Sphere packing

The goal of sphere packing is to initialize the tessellation. Packing is performed in spatially three-dimensional periodic domain. Sphere centers are used as cell seeds and sphere diameters are used as cell weights.

Packing determines the number of cells and their size distribution in the generated foam.

Inputs

Number of cells and shape and scale parameters of log-normal size distribution should be provided either through CLI or configurational file (otherwise default values are taken).

Execution

Default packing can be achieved by running:

foamgen -p

This produces packing similar to this one (you need to add --pack.render flag if you want to create the image):

../_images/FoamPacking.png

Outputs

The main output is the *Packing.csv file, which contains center position (x, y, and z) and diameter (d) of each sphere.

Size distribution

Note that sphere size distribution does not exactly copy prescribed continual size distribution (especially for low number of spheres - image below is for 27 cells).

../_images/FoamPacking_histogram.png

Log-normal sphere size distribution is influenced by shape (--pack.shape) and scale (--pack.scale). It is defined as

\[p = \frac{1}{\delta \sigma \sqrt{2 \pi}} \exp \left( - \frac{\left( \log{(\delta)} - \mu \right)^2}{2 \sigma^2} \right)\]

where \(\delta\) is sphere size, \(\sigma\) is standard deviation, and \(\mu\) is mean. Shape is identical to standard deviation.
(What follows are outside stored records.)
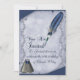 Um fundo azul escuro com um pergaminho decorado azul claro. O texto "Você é Convidado" com uma caneta azul de pena terminando o último traço, o tinteiro prateado na parte inferior. Um modelo de convite elegante e personalizável para aniversários especiais, aniversários de casamento, casamentos, cerimônias de formatura e todas as outras ocasiões festivas.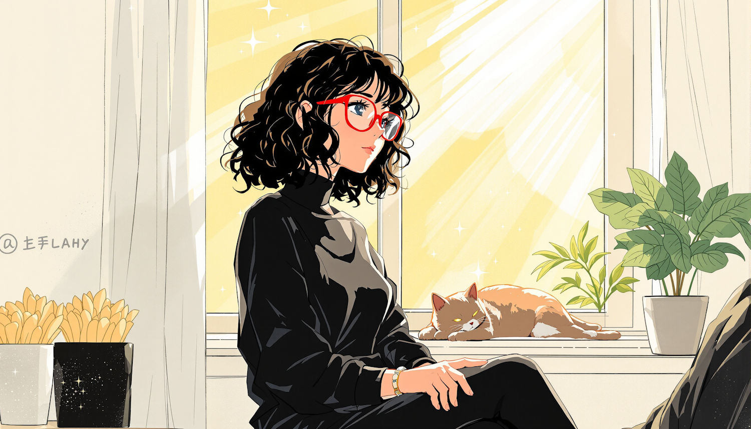 Stylized illustration of a woman with curly hair and red glasses sitting by a sunny window with a cat and plants, radiating calm vibes.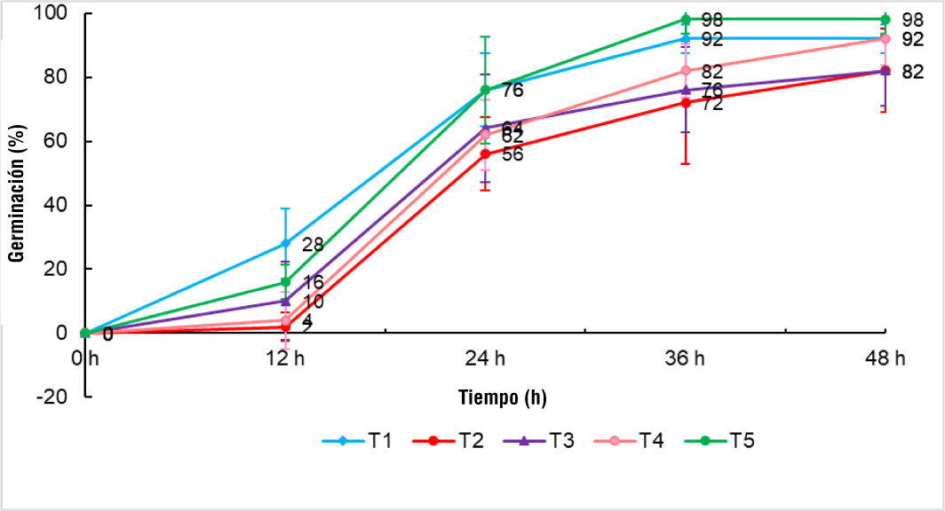 Figura 4 Curva de germinación de semillas de maíz tratadas con diferentes concentraciones de partículas yodadas. T1 = testigo (agua destilada); T2 = 5 mg∙L-1; T3 = 10 mg∙L-1; T4 = 20 mg∙L-1; T5 = 50 mg∙L-1.

Scale, \(\phi\), is defined as

\[\phi = \exp(\mu)\]

Shape equal to zero corresponds to uniform size distribution. Shape larger than 0.5 corresponds to wide size distribution.

Algorithms

It is possible to choose between several sphere packing algorithms using --pack.alg flag. simple is a naive packing algorithm that is implemented directly. ls, fba, lsgd, lsebc, ojt, kjt are more robust algorithms from packing-generation library. fba provides good compromise between speed and packing density. Use of simple algorithm is discouraged.